§ Work to complete: Reproduce exactly the lines of the material beneath, from the line that contains "鎌倉散策後の「ステップアップカード」" to the line that contains "APERTURA. El rector", both included, and no other lines.

§ Data records:
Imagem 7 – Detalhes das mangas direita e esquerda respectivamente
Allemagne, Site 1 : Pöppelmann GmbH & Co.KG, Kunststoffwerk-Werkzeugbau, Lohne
...
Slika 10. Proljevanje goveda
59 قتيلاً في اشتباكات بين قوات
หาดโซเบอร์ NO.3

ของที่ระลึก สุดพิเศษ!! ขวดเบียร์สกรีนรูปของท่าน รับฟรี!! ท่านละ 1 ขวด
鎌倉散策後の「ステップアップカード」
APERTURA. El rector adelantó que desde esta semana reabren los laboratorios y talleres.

§ Written reply:
鎌倉散策後の「ステップアップカード」
APERTURA. El rector adelantó que desde esta semana reabren los laboratorios y talleres.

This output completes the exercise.